Leonard Genova, Town Attorney, Oyster Bay, N.Y. (Matthew M. Rozea of counsel), for appellant. Hutchinson & Hutchinson, P.C., Oyster Bay, N.Y. (Richard L. Hutchinson of counsel), for respondent.
MARK C. DILLON, J.P., RANDALL T. ENG, LEONARD B. AUSTIN, and SANDRA L. SGROI, JJ.
In an action, inter alia, for permanent injunctive relief, the plaintiff appeals, as limited by its brief, from so much of an order of the Supreme Court, Nassau County (Jaeger, J.), dated May 25, 2011, as denied that branch of its motion which was to preliminarily enjoin the defendant from using certain real property in connection with the defendant's landscaping business.
ORDERED that the order is affirmed insofar as appealed from, with costs.

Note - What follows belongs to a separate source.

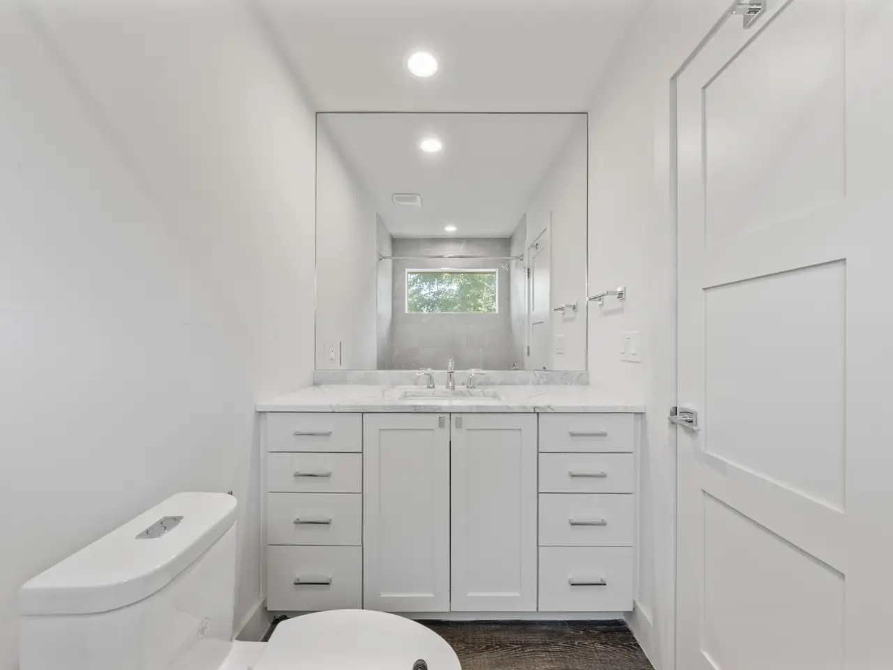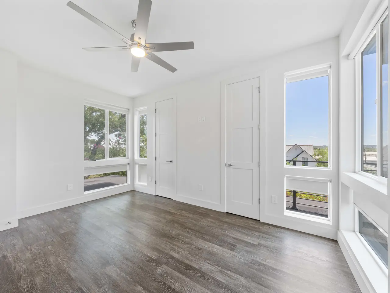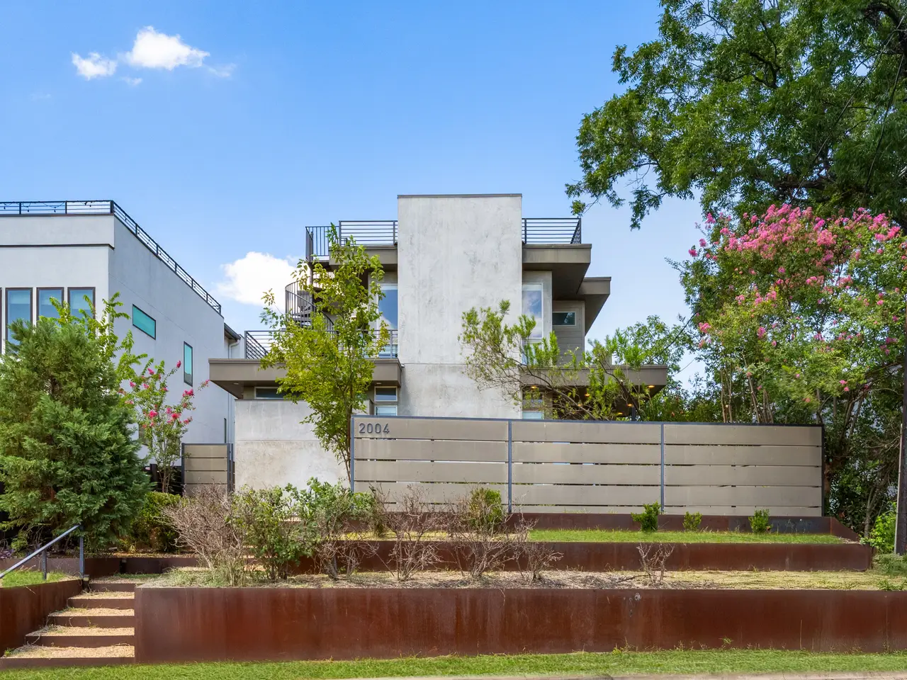 Modern luxury in the heart of East Austin! This 3 bed, 2.5 bath architectural gem offers 2,096 square feet of stylish living space, high ceilings, floor to ceiling windows, and an open-concept design. The gourmet kitchen features a waterfall island, custom cabinetry and premium appliances. A designer glass tile backsplash and sophisticated lighting solutions create an atmosphere of refined modernity, while the adjoining dining area, crowned with a crystal pendant chandelier, offers the perfect setting for elegant entertaining. The primary suite stuns with a spa-style wet room, marble double vanity, and oversized walk-in closet. Upstairs there are 2 bedrooms with views of downtown, a full bathroom, plus additional flex area that can be used as office space or additional living area. This home has multiple outdoor living spaces where you can unwind privately in the lush courtyard, under the covered patios, or take the spiral staircase up to the third story terrace for the beautiful panoramic views of the Austin skyline. The detached climate-controlled garage includes a full guest suite above (an additional 711 sqft) that is perfect for rental income, multigenerational living, or a private home office. This vibrant East Austin address sits in an educational hub, just moments away from the historical Houston-Tilloston University and minutes from the University of Texas at Austin campus. Walkable to highly rated shops, restaurants, coffee, and parks. A rare blend of elegance, flexibility, and location - don't miss this one! Property sold “As-is.” Buyer and/or buyer’s agent responsible for verifying all pertinent information deemed relevant by the prospective buyer, including but not limited to square footage, acreage, utilities, taxes, zoning, permitting, condition, school zones, HOAs, etc.

To obtain preliminary injunctive relief based on a violation of its zoning ordinances, a town need not satisfy the traditional three-part test for injunctive relief, but is required “only [to] show that it has a likelihood of ultimate success on the merits and that the equities are balanced in its favor” ( First Franklin Sq. Assocs., LLC v. Franklin Sq. Prop. Account, 15 A.D.3d 529, 533, 790 N.Y.S.2d 527;see Town of Southampton v. County of Suffolk, 88 A.D.3d 988, 989, 931 N.Y.S.2d 405;Town of Huntington v. Pierce Arrow Realty Corp., 216 A.D.2d 287, 288, 627 N.Y.S.2d 787;Incorporated Vil. of Freeport v. Jefferson Indoor Mar., 162 A.D.2d 434, 436, 556 N.Y.S.2d 150). To obtain relief, a town must “come forward with a strong prima facie showing that the defendants are violating its zoning ordinance” ( Town of Oyster Bay v. Sodomsky, 154 A.D.2d 455, 455, 546 N.Y.S.2d 21;see Town of Oyster Bay v. Dyott, 246 A.D.2d 531, 666 N.Y.S.2d 930). Here, the Town of Oyster Bay failed to make a prima facie showing that the nonconforming use of the subject property had been abandoned and, thus, that the use of the subject property as a landscaping business was not a lawful, preexisting nonconforminguse. Consequently, the Supreme Court correctly denied that branch the Town's motion which was to preliminarily enjoin the defendant from using his real property in connection with his landscaping business ( see Town of Islip v. Modica Assoc. of N.Y. 122, LLC, 45 A.D.3d 574, 575, 846 N.Y.S.2d 201;Town of Southampton v. Sendlewski, 156 A.D.2d 669, 670, 549 N.Y.S.2d 434;Town of Oyster Bay v. Sodomsky, 154 A.D.2d 455, 546 N.Y.S.2d 21;CPLR 4401).